[Extracted data]
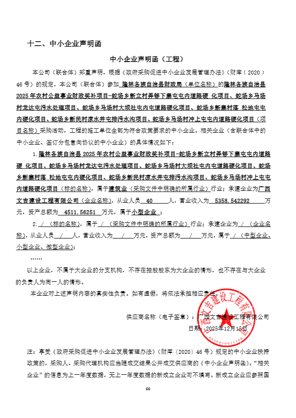 广西双翔工程管理咨询有限公司关于隆林各族自治县2025年农村公益事业财政奖补项目-蛇场乡新立村弄够下寨屯屯内道路硬化项目、蛇场乡马场村龙达屯污水处理项目、蛇场乡马场村大坝社屯内屯道路硬化项目、蛇场乡新寨村落松地屯屯内硬化项目、蛇场乡新民村凉
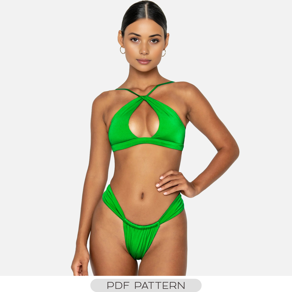 Elegant bikini set sewing pattern. Bottom piece is reversible and can be worn inside out, it has low rise fit and cheeky hip coverage. Top has cutout front detail and is rather open, This project requires 4 way stretch fabric (2 way stretch will not work), elastic and serger machine.
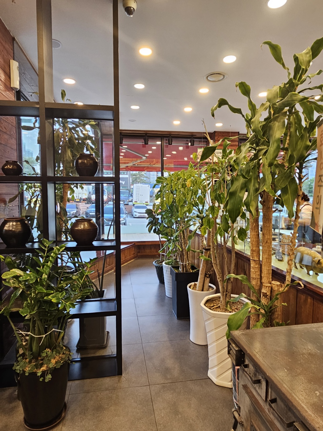외관이 웅장합니다. '밥 한 그릇에 마음을 담다', '밥심', '곤드레밥집' 일관되게 '밥'을 강조하는 간판들입니다. 안으로 들어서면 오픈 주방이 보입니다. 오픈 주방 앞쪽으로 테이블이 넓은 간격으로 배치되어 있습니다. 유명한 한정식 맛집답게 매장 규모가 상당히 넓습니다. 여러 가지 마감재를 사용하였지만 매장이 넓어서, 같은 컬러감이 반복되어 조화롭게 어우러집니다. 그린, 우드, 브라운 계열로 통일한 듯 보입니다. 특히 곳곳에 식물들과 소품, 액자들을 곳곳에 배치하여 고급스럽고 중후한 느낌을 줍니다. 안쪽에는 셀프바가 있습니다. 밥과 반찬 필요한 만큼 가져다 드실 수 있습니다. 곤드레 밥은 아니지만 흰쌀밥 리필 가능하고 샐러드, 묵, 김치, 사과 등이 셋팅되어 있습니다. 잡채는 직원에게 요청하시면 됩니다. 셀프바에도 우드와 벽돌 마감재를 사용하여 고풍스러운 느낌인데... 저 위에 Self 표시판이 깹니다. ㅎㅎㅎ
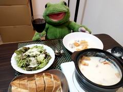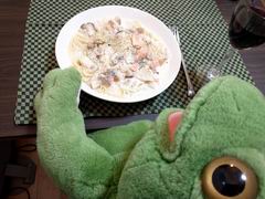 今夜はブロッコリーと卵のふわふわマヨ炒め、合鴨ロースで赤ワイン〜。シメは昨日の残りのクリームシチューを使ってドリアですよー
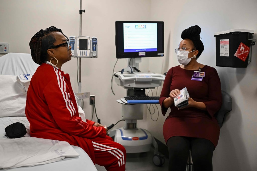 2024年12月11日,器官接受者托瓦娜·卢尼(左)在纽约大学朗格尼健康中心与一名护士交谈。照片:法新社
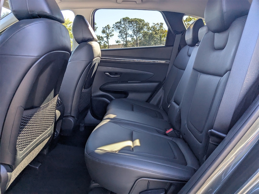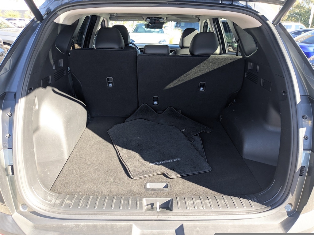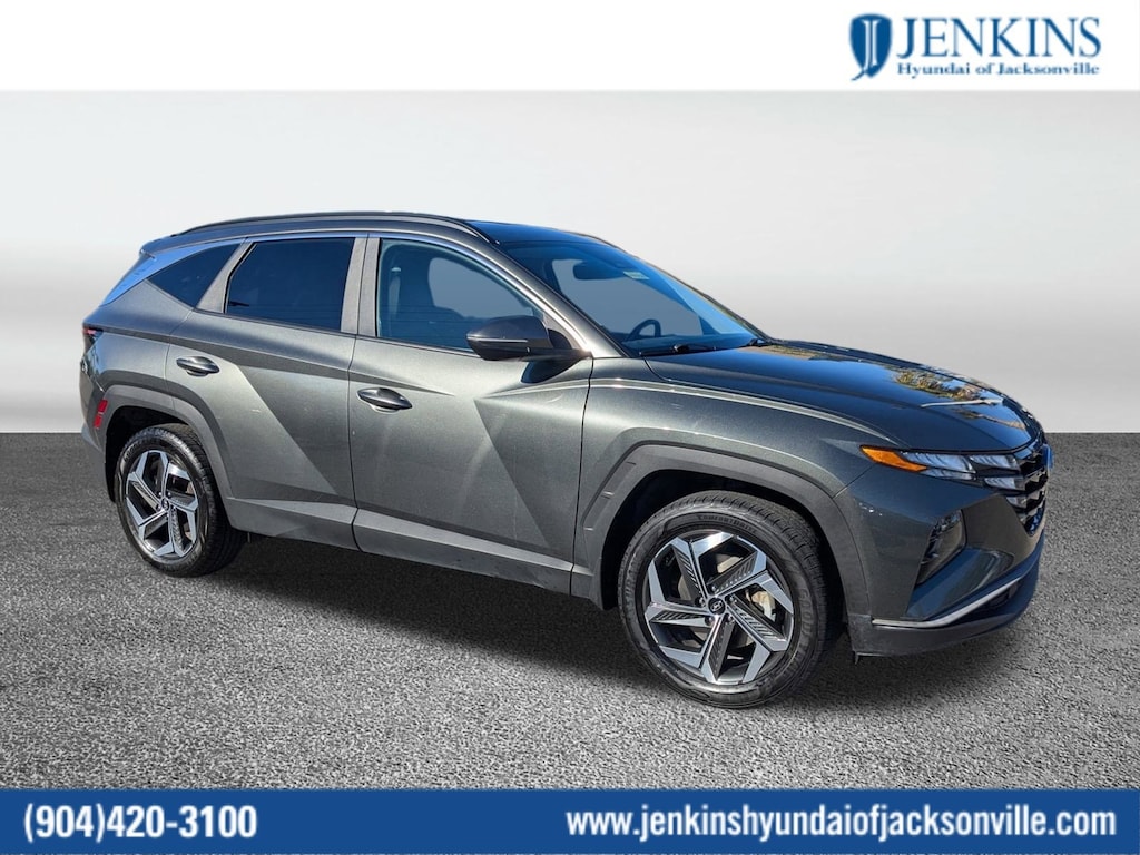 Clean CARFAX. This 2023 Hyundai Tucson SEL in Amazon Gray features Convenience Package (10.25" Digital Instrument Cluster, Auto-Dimming Interior Mirror w/Homelink, Dual Automatic Temperature Control, H-Tex Seat Trim, Leather-Wrapped Shift Knob, Leather-Wrapped Steering Wheel, LED Interior Lights (Room, Map), Option Group 02, Power Sunroof, Ultrasonic Rear Occupant Alert, and Wheels: 19" x 7.5J" Machine-Face Finish Alloy), 3.648 Axle Ratio, 4-Wheel Disc Brakes, 6 Speakers, ABS brakes, Air Conditioning, Alloy wheels, AM/FM radio: SiriusXM, Apple CarPlay & Android Auto, Auto High-beam Headlights, Brake assist, Bumpers: body-color, Cargo Net, Cargo Tray, Carpeted Floor Mats, Delay-off headlights, Driver door bin, Driver vanity mirror, Dual front impact airbags, Dual front side impact airbags, Electronic Stability Control, Emergency communication system: Blue Link Connected Car Service (3-year complimentary subscription), First Aid Kit, Four wheel independent suspension, Front and Rear Mudguards, Front anti-roll bar, Front Bucket Seats, Front Center Armrest, Front reading lights, Fully automatic headlights, Heated door mirrors, Heated Front Bucket Seats, Heated front seats, Illuminated entry, Low tire pressure warning, Occupant sensing airbag, Outside temperature display, Overhead airbag, Overhead console, Panic alarm, Passenger door bin, Passenger vanity mirror, Power door mirrors, Power driver seat, Power Liftgate, Power steering, Power windows, Radio data system, Radio: AM/FM/HD/SiriusXM Audio System, Rear anti-roll bar, Rear seat center armrest, Rear window defroster, Rear window wiper, Remote keyless entry, Roof rack: rails only, Security system, Speed control, Split folding rear seat, Spoiler, Stain & Odor Resistant Cloth Seat Trim, Steering wheel mounted audio controls, Tachometer, Telescoping steering wheel, Tilt steering wheel, Traction control, Trip computer, Turn signal indicator mirrors, Variably intermittent wipers, and Wheels: 17" x 7.0J" Alloy . Visit our showroom 24/7 at Jenkinshyundaiofjacksonville or call 904-420-3100. AWD

[What is needed] Look above for the line containing "今夜はブロッコリーと卵のふわ", then copy exactly from it through the line containing "2024年12月11日,器官", keeping both and leaving out pictures. Add nothing else.

[Response for this exercise]
 今夜はブロッコリーと卵のふわふわマヨ炒め、合鴨ロースで赤ワイン〜。シメは昨日の残りのクリームシチューを使ってドリアですよー
 2024年12月11日,器官接受者托瓦娜·卢尼(左)在纽约大学朗格尼健康中心与一名护士交谈。照片:法新社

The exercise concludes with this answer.